The involvement of CARM1 and PRMT1 in modifying histones and acting as coactivators of FXR has now been documented for regulation of BSEP. Several studies have now shown that CARM1 and PRMT1 may act synergistically to enhance gene activation by other nuclear receptors (19,20). Although CARM1 and PRMT1 both transfer methyl groups from S-adenosylmethionine to specific arginine residues of specific target proteins, their substrate specificities differ significantly and so they are unlikely to be redundant in their functions and may rely on different mechanisms for their coactivator activities (20). Methylation of histones H3 and H4 may cooperate with acetylation and other types of covalent histone modifications to remodel chromatin structure and/or provide a signal to facilitate assembly of the active transcription initiation complex (15). Further studies are necessary to determine how these PRMTs cooperate to regulate the expression of BSEP.

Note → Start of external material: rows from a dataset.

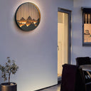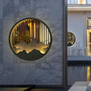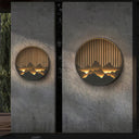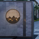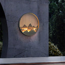 The Kosciuszko Wall Light is a stylish addition to your outdoor decor, featuring a circular design with a mountain and water motif, complemented by a durable gray-painted frame. This modern lamp is built to endure outdoor conditions and will enhance your home's charm with its timeless appeal.
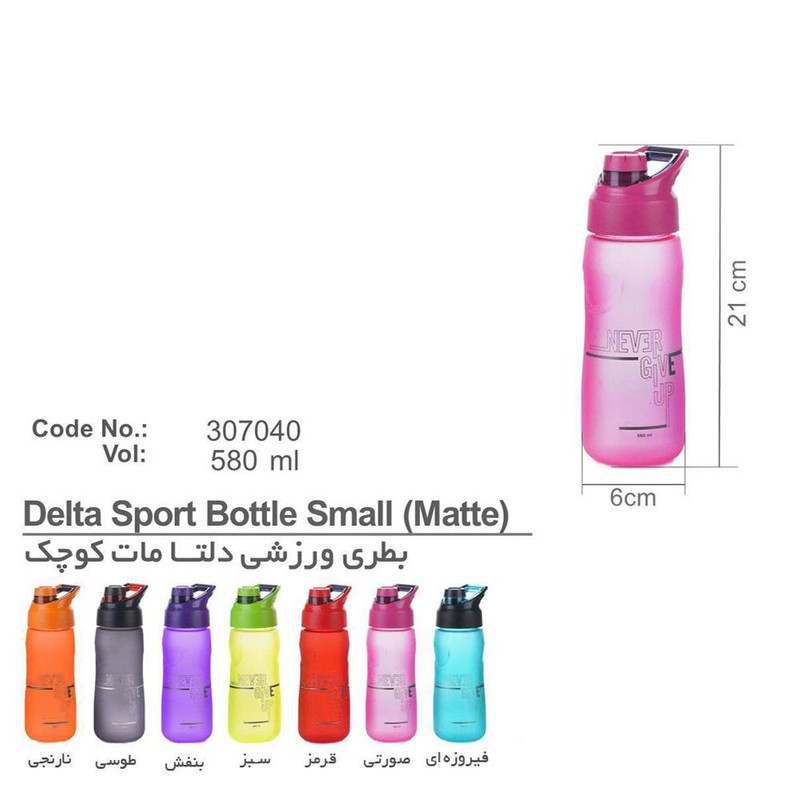بطری دلتا بزرگ مانیا از جنس PET ساخته شده و وزن بسیار کم این محصول یعنی تنها 130 گرم مرهون این ماده بکار رفته در ساخت محصول است. برای جلوگیری از بیماری، بطری مانیا فاقد BPA بوده و در انتها این محصول قابل بازیافت هم هست. با توجه به ابعاد بطری که 21× 6×6 سانتیمتر بوده گنجایشی معادل 580 میلی لیتر دارد. این گنجایش برای یک بطری یک نفره بسیار مناسب خواهد بود و حجم مناسبی از نوشیدنی را در خود نگهداری میکند. بطری دارای یک در پیچی بوده و خروجی نوشیدنی از آن به صورت اهرمی باز و بسته میشود. تأییدیه انجمن نانو برای بطری مانیا مدل دلتا ، نمایانگر آنتی باکتریال بودن آن است. همچنین این بطری به صورت دستی قابل شستشو است .
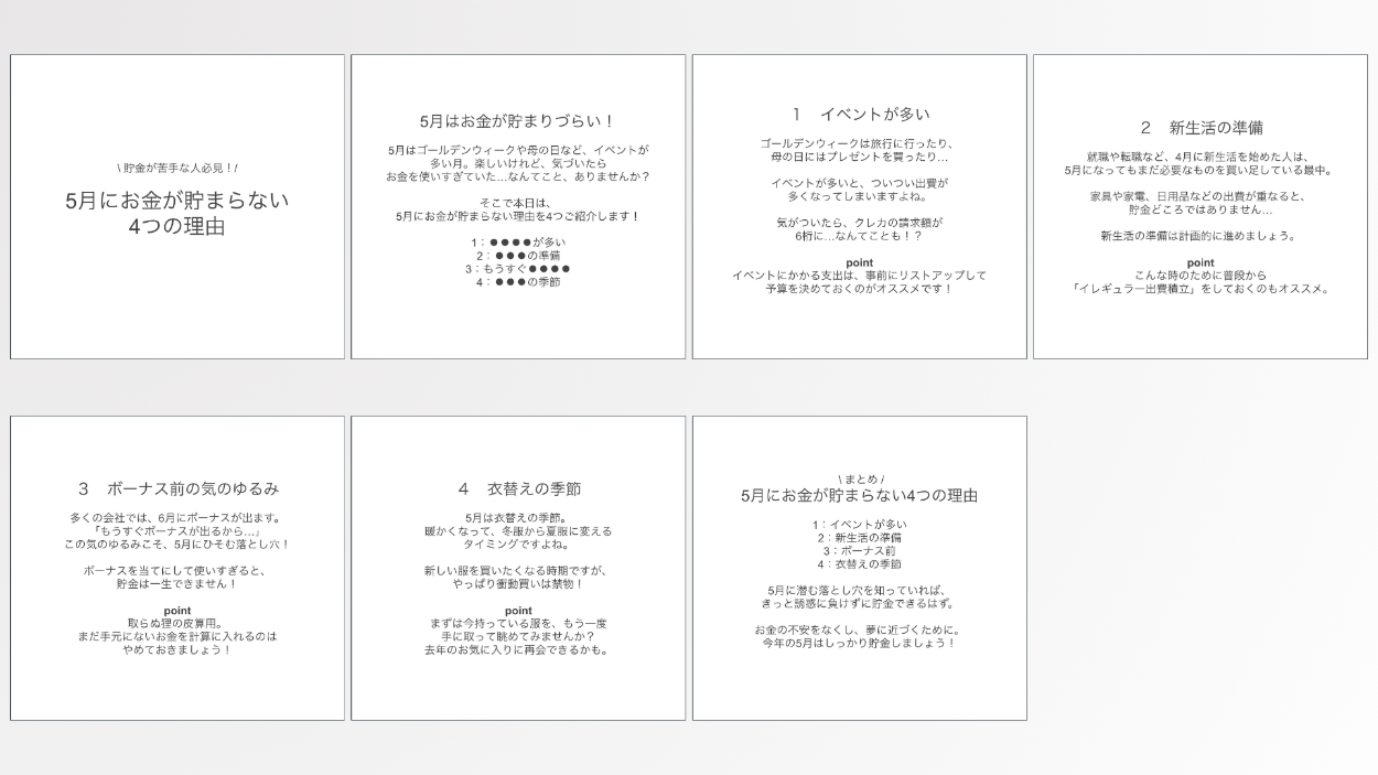 本クリエイティブはSHE SNSマーケティングコンペで採用された企画書を元に制作されたものです。企画を担当しました。(クリエイティブの制作は別の方が担当) 引用:SHEmoney公式Instagram(shemoney_jp)_5月にお金が貯まらない4つの理由
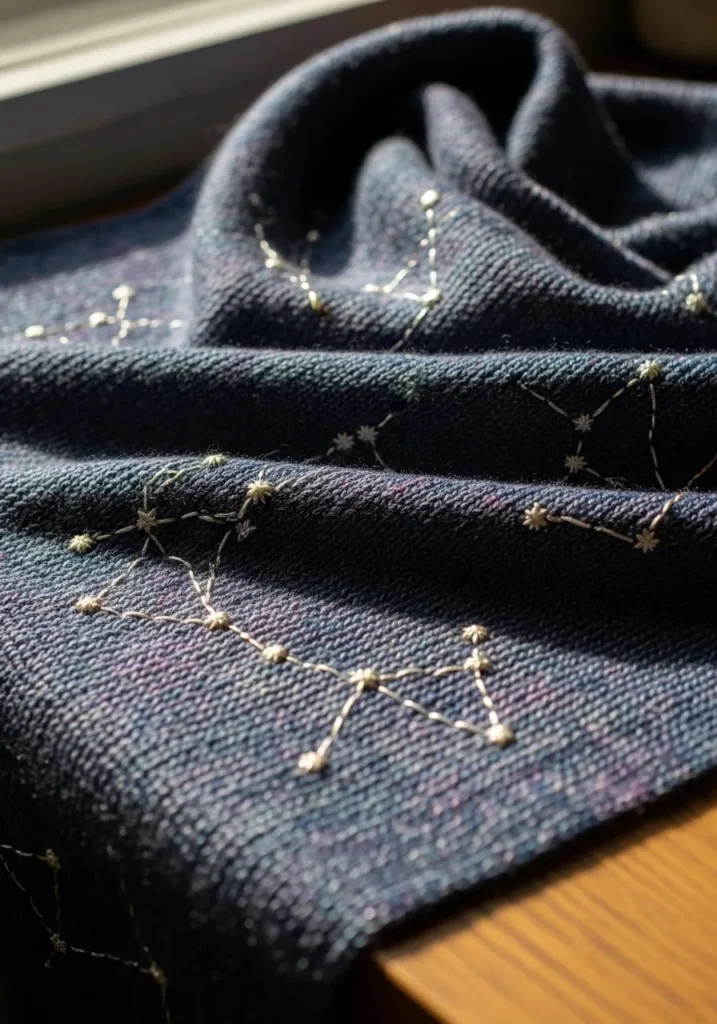 This modern knit scarf features a deep navy base with tiny stitched constellation patterns scattered across the surface. Fine metallic thread traces delicate star shapes that shimmer softly against the smooth knitted fabric. The texture stays lightweight and fluid, while the subtle sparkle adds a dreamy night sky feel without overpowering the design.

Development of Canalicular Bile Acid Transport
Studies in neonatal and to a lesser extent fetal animals indicate that rates of bile flow and bile acid excretion in response to an exogenous infusion of bile acids are decreased in comparison with the adult (21). In unpublished studies, our laboratory has defined developmental changes in bile acid transport across the canalicular plasma membrane (22). Taurocholate uptake by rat liver canalicular membrane vesicles isolated from 7-day-old rat was ATP-dependent with properties virtually identical to that described in the adult. However, the Vmax for ATP-dependent transport was approximately 60% of that determined in membrane vesicles from adult liver; the Km was similar at both ages. These findings indicate that an ATP-dependent system is functional in neonatal liver and may be sufficient for biliary secretion of bile acids at a time at when other components of the enterohepatic circulation of bile acids (including synthesis, pool size, ileal absorption and basolateral transport) are immature.
Several groups have studied the development of the rat BSEP by quantitation of BSEP mRNA and protein in fetal and neonatal rats. In our laboratory, BSEP mRNA measured by Northern blotting and RT-PCR was expressed minimally in the near term fetus and increased abruptly to 50% of adult levels on postnatal day 1 and further to 90% of adult values by 1 week of life (23). On western blotting, there was minimal expression of BSEP protein before birth, with an increase to 40% of the adult on the first day of life. BSEP protein levels increased to 90% of the adult by 1 week of life and further increased to adult values by 4 week of life. The developmental patterns of mRNA and protein expression were quite similar in 2 other studies (24,25). There was minimal transcription of BSEP gene assessed by nuclear run-on assays at the fetal age with an abrupt increase in transcription on the first day of life. Transcription rates in adult nuclei were not significantly different from 1-week-old nuclei, indicating that there was no further increase in transcription between 1 week of age and adults (23).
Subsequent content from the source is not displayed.